“I say Golden-Mug, here’s a lady wants you!”
But a clanging of iron drowned the cry!
Gervaise went to the end. She reached a door and stretching out her neck looked in.
At first she could distinguish nothing.
The forge had died down, but there was still a little glow which held back the advancing shadows from its corner.
Great shadows seemed to float in the air.
At times black shapes passed before the fire, shutting off this last bit of brightness, silhouettes of men so strangely magnified that their arms and legs were indistinct.
Gervaise, not daring to venture in, called from the doorway in a faint voice:
“Monsieur Goujet!
Monsieur Goujet!”
Suddenly all became lighted up.
Beneath the puff of the bellows a jet of white flame had ascended and the whole interior of the shed could be seen, walled in by wooden planks, with openings roughly plastered over, and brick walls reinforcing the corners.
Coal-ash had painted the whole expanse a sooty grey.
Spider webs hung from the beams like rags hung up to dry, heavy with the accumulated dust of years.
On shelves along the walls, or hanging from nails, or tossed into corners, she saw rusty iron, battered implements and huge tools.
The white flame flared higher, like an explosion of dazzling sunlight revealing the trampled dirt underfoot, where the polished steel of four anvils fixed on blocks took on a reflection of silver sprinkled with gold.
Then Gervaise recognized Goujet in front of the forge by his beautiful yellow beard.
Etienne was blowing the bellows.
Two other workmen were there, but she only beheld Goujet and walked forward and stood before him.
“Why it’s Madame Gervaise!” he exclaimed with a bright look on his face.
“What a pleasant surprise.”
But as his comrades appeared to be rather amused, he pushed Etienne towards his mother and resumed:
“You’ve come to see the youngster.
He behaves himself well, he’s beginning to get some strength in his wrists.”
“Well!” she said, “it isn’t easy to find your way here.
I thought I was going to the end of the world.”
After telling about her journey, she asked why no one in the shop knew Etienne’s name.
Goujet laughed and explained to her that everybody called him “Little Zouzou” because he had his hair cut short like that of a Zouave.
While they were talking together Etienne stopped working the bellows and the flame of the forge dwindled to a rosy glow amid the gathering darkness.
Touched by the presence of this smiling young woman, the blacksmith stood gazing at her.
Then, as neither continued speaking, he seemed to recollect and broke the silence:
“Excuse me, Madame Gervaise, I’ve something that has to be finished.
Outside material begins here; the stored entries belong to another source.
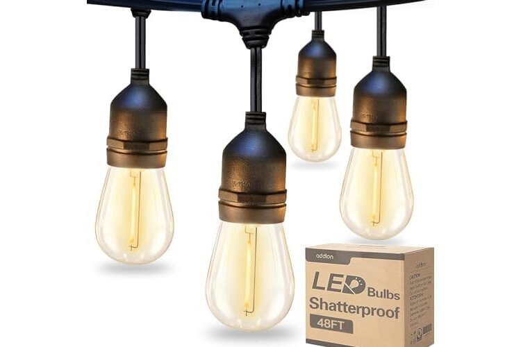 addlon LED Outdoor String Lights 48FT with Edison Vintage Shatterproof Bulbs and Commercial Grade Weatherproof Strand - ETL Listed Decorative Lights for Patio Garden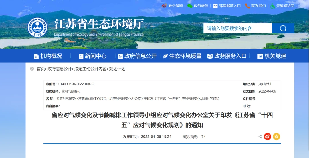 近日,江苏省应对气候变化及节能减排工作领导小组应对气候变化办公室关于印发《江苏省“十四五”应对气候变化规划》的通知。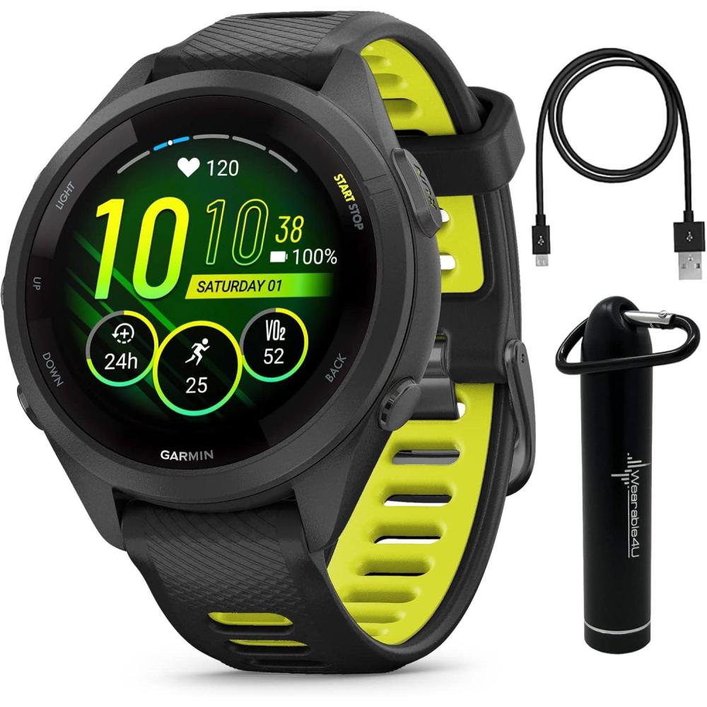 IN THE BOX: 1x Garmin Forerunner 265S GPS Running Smartwatch, Black, 1x charging/data cable, 1x Wearable4U E-Bank (wa001), 1x microUSB cable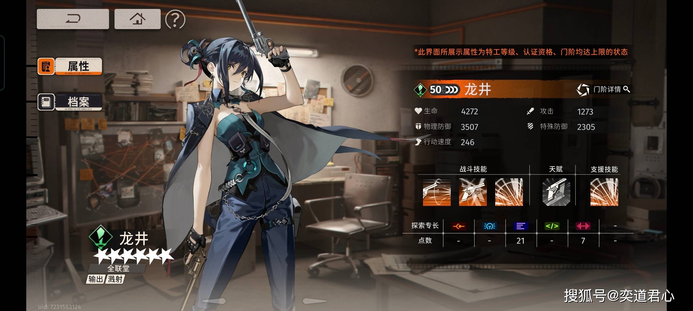 属于全联堂,兼顾了输出、削弱和援护功能,在掩护队友方面,相较于伞妹是有过之而无不及。其自身的物理防护基数,更是比伞妹要厚了一个档次!消毒药水的天赋,到后期会让她硬如坦克吧。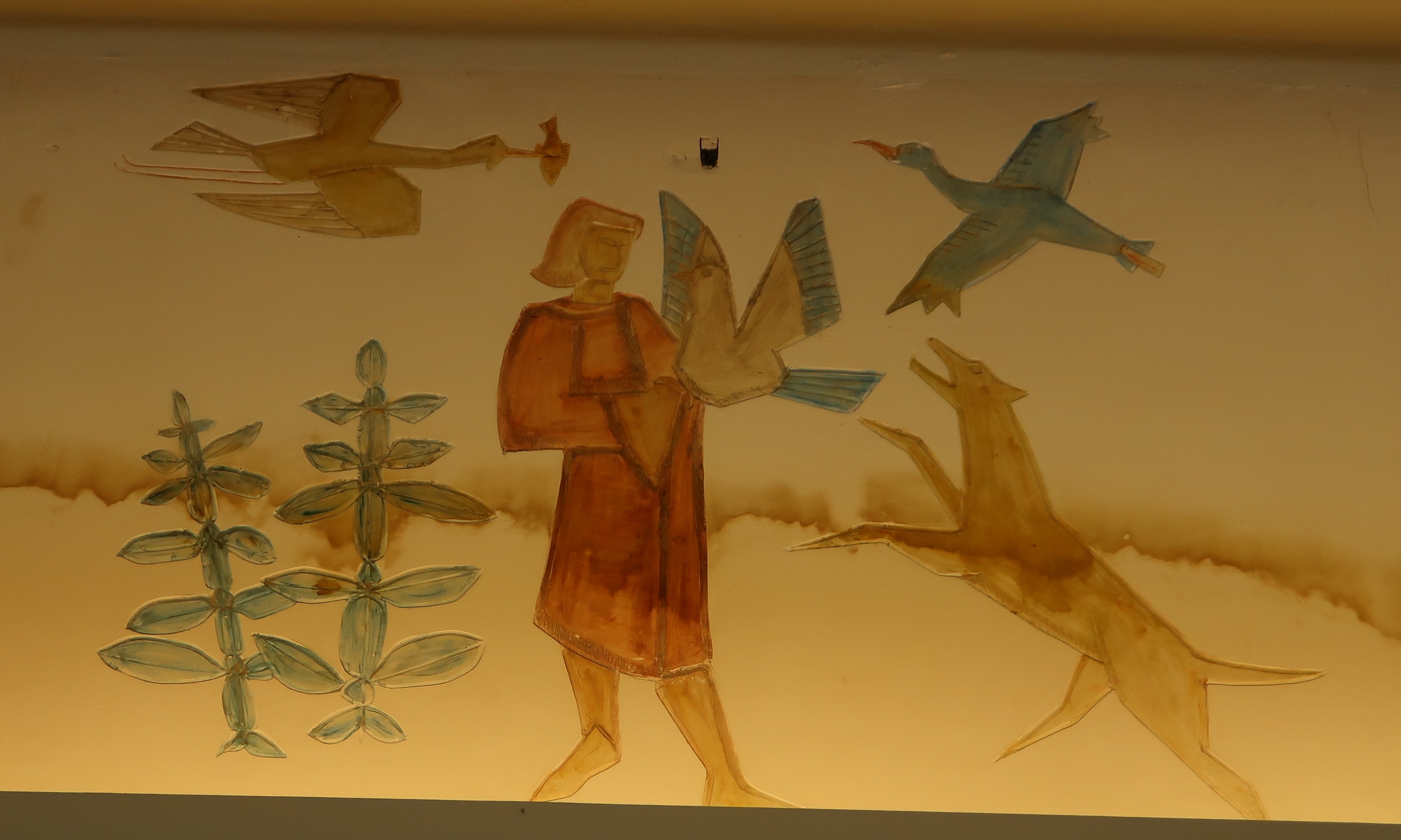 Frise en plâtre, gravée et modelée sur le plan de surface polychrome laquée de 36 m2 environ : détail.Immatriculation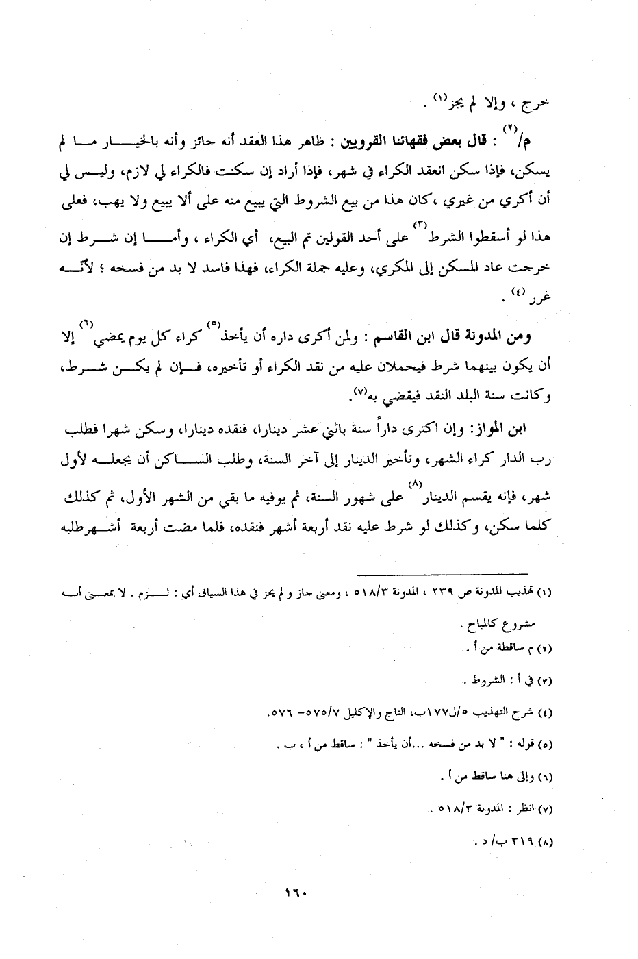م/: قال بعض فقهائنا القرويين: ظاهر هذا العقد أنه جائز وأنه بالخيار ما لم يسكن، فإذا سكن انعقد الكراء في شهر، فإذا أراد إن سكنت فالكراء لي لازم، وليس لي أن أكري من غيري، كان هذا من بيع الشروط التي يبيع منه على ألا يبيع ولا يهب، فعلى هذا لو أسقطوا الشرط على أحد القولين تم البيع، أي الكراء، وأما إن شرط إن خرجت عاد المسكن إلى المكري، وعليه جملة الكراء، فهذا فاسد لابد من فسخه؛ لأنّه غرر.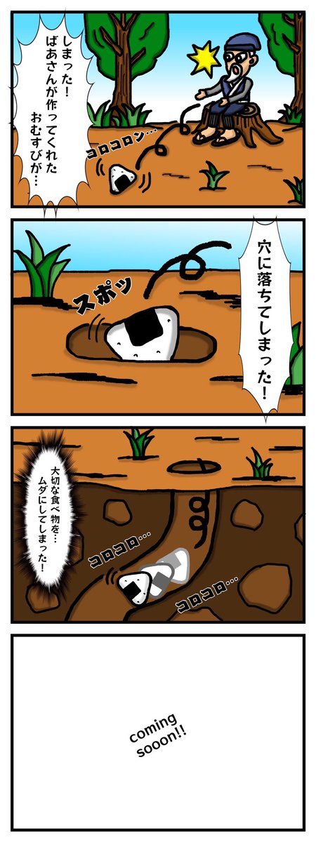 【おとなの…4コマ漫画。】新作3コマ目投稿〜!「おむすびころりん 令和ver」気になる4コマ目とは…⁉︎楽しみにお待ちくださ〜い(^^)v #イラスト好きさんと繋がりたい #4コマ漫画 #イラスト #漫画が読めるハッシュタグ #絵師さんと繋がりたい #絵描きさんと繋がりたい #芸術同盟 #アトリエの系譜

You’ll stay, won’t you?
You’re not in anybody’s way.”
She remained.
Etienne returned to the bellows.
The forge was soon ablaze again with a cloud of sparks; the more so as the youngster, wanting to show his mother what he could do, was making the bellows blow a regular hurricane.
Goujet, standing up watching a bar of iron heating, was waiting with the tongs in his hand.
The bright glare illuminated him without a shadow — sleeves rolled back, shirt neck open, bare arms and chest.
When the bar was at white heat he seized it with the tongs and cut it with a hammer on the anvil, in pieces of equal length, as though he had been gently breaking pieces of glass.
Then he put the pieces back into the fire, from which he took them one by one to work them into shape.
He was forging hexagonal rivets.
He placed each piece in a tool-hole of the anvil, bent down the iron that was to form the head, flattened the six sides and threw the finished rivet still red-hot on to the black earth, where its bright light gradually died out; and this with a continuous hammering, wielding in his right hand a hammer weighing five pounds, completing a detail at every blow, turning and working the iron with such dexterity that he was able to talk to and look at those about him.
The anvil had a silvery ring.
Without a drop of perspiration, quite at his ease, he struck in a good-natured sort of a way, not appearing to exert himself more than on the evenings when he cut out pictures at home.
“Oh! these are little rivets of twenty millimetres,” said he in reply to Gervaise’s questions.
“A fellow can do his three hundred a day. But it requires practice, for one’s arm soon grows weary.”
And when she asked him if his wrist did not feel stiff at the end of the day he laughed aloud.
Did she think him a young lady?
His wrist had had plenty of drudgery for fifteen years past; it was now as strong as the iron implements it had been so long in contact with.
She was right though; a gentleman who had never forged a rivet or a bolt, and who would try to show off with his five pound hammer, would find himself precious stiff in the course of a couple of hours.